Zeng Hongliang, Zhang Ping, Li Fang, Lin Chubin, Zhou Junkang
IEEE Trans Neural Netw Learn Syst. 2024 Nov;35(11):16602-16615. doi: 10.1109/TNNLS.2023.3296765. Epub 2024 Oct 29.
With shaped reward functions, reinforcement learning (RL) has recently been successfully applied to several robot control tasks. However, designing a task-relevant and well-performing reward function takes time and effort. Still, if RL can train an agent to complete a task in a sparse reward environment, it is an effective way to address the difficulty of reward function design, but it is still a significant challenge. To address this issue, the pioneering hindsight experience replay (HER) method dramatically enhances the probability of acquiring skills in sparse reward environments by transforming unsuccessful experiences into helpful training samples. However, HER still requires a lengthy training period. In this article, we propose a new technique based on HER termed adaptive HER with goal-amended curiosity module (AHEGC) for further enhancing sample and exploration efficiency. Specifically, an adaptive adjustment strategy of hindsight experience (HE) sampling rate and reward weights is developed to enhance sample efficiency. Furthermore, we introduce a curiosity mechanism to encourage more efficient exploration of the environment and propose a goal-amended (GA) curiosity module as a solution to the problem of over-seeking novelty caused by the curiosity introduced. We conducted experiments on six demanding robot control tasks with binary rewards, including Fetch and Hand environments. The results show that the proposed method outperforms existing methods regarding learning ability and convergence speed.

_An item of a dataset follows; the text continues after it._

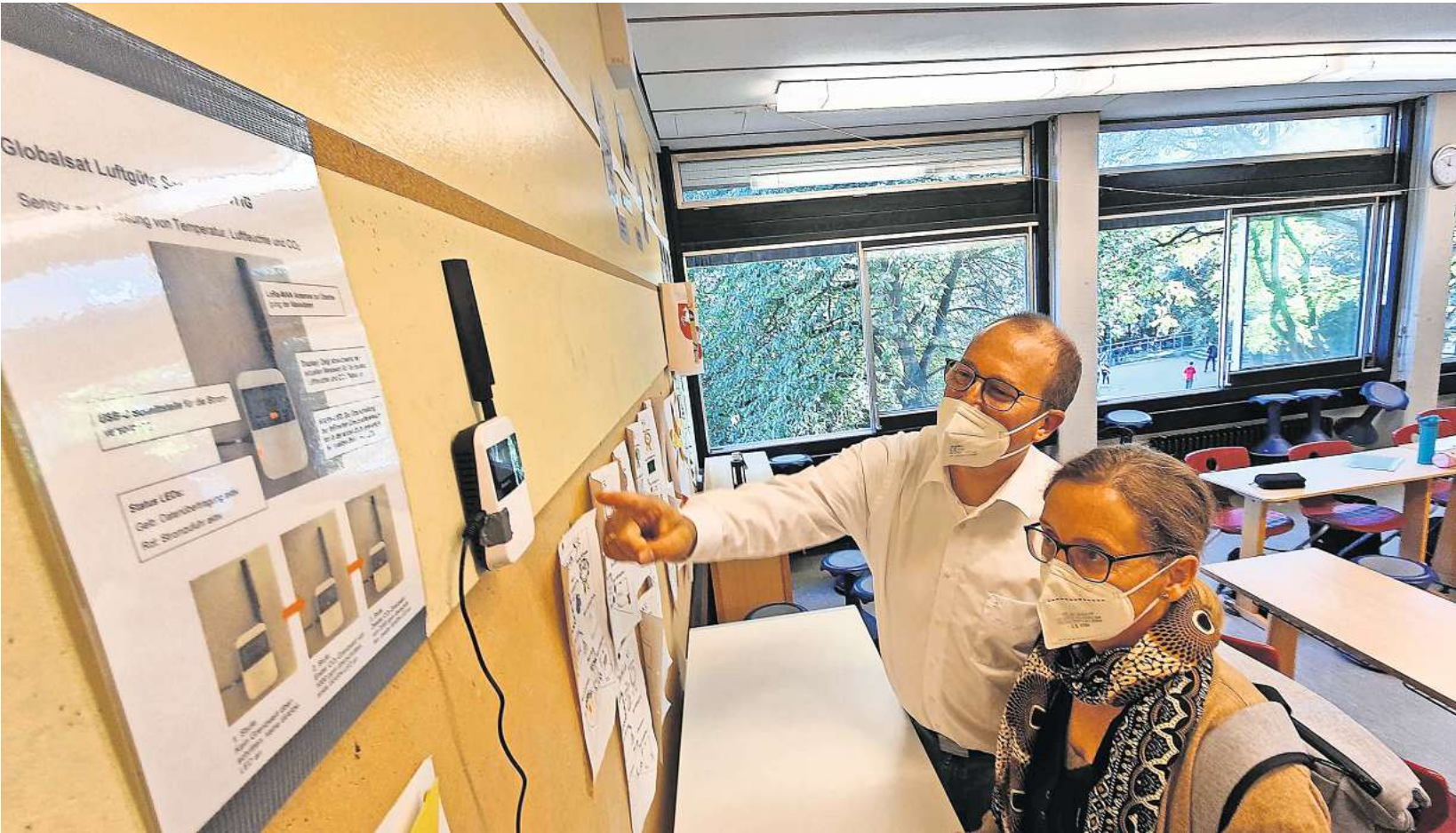
In der Albert-Einstein-Schule messen bereits seit längerem einzelne Testgeräte die CO 2 -Konzentration in der Luft.

Die Albert-Einstein-Schule und das Erich-Kästner-Gymnasium haben solche Geräte seit rund einem Jahr in einigen Räumen versuchsweise im Einsatz. Wie jetzt bekannt wurde, hat die Erich-Kästner-Oberschule solche Geräte sogar flächendeckend im Rahmen des Förderpro-

借助成形奖励函数,强化学习(RL)最近已成功应用于多个机器人控制任务。然而,设计一个与任务相关且性能良好的奖励函数需要花费时间和精力。尽管如此,如果强化学习能够训练智能体在稀疏奖励环境中完成任务,这是解决奖励函数设计难题的有效方法,但仍然是一项重大挑战。为了解决这个问题,开创性的indsight经验回放(HER)方法通过将不成功的经验转化为有用的训练样本,显著提高了在稀疏奖励环境中获取技能的概率。然而,HER仍然需要较长的训练周期。在本文中,我们提出了一种基于HER的新技术,称为带有目标修正好奇心模块的自适应HER(AHEGC),以进一步提高样本和探索效率。具体而言,开发了一种indsight经验(HE)采样率和奖励权重的自适应调整策略,以提高样本效率。此外,我们引入了一种好奇心机制,以鼓励对环境进行更高效的探索,并提出了一个目标修正(GA)好奇心模块,作为解决因引入好奇心而导致过度追求新奇性问题的解决方案。我们在包括Fetch和Hand环境在内的六个具有二元奖励的苛刻机器人控制任务上进行了实验。结果表明,所提出的方法在学习能力和收敛速度方面优于现有方法。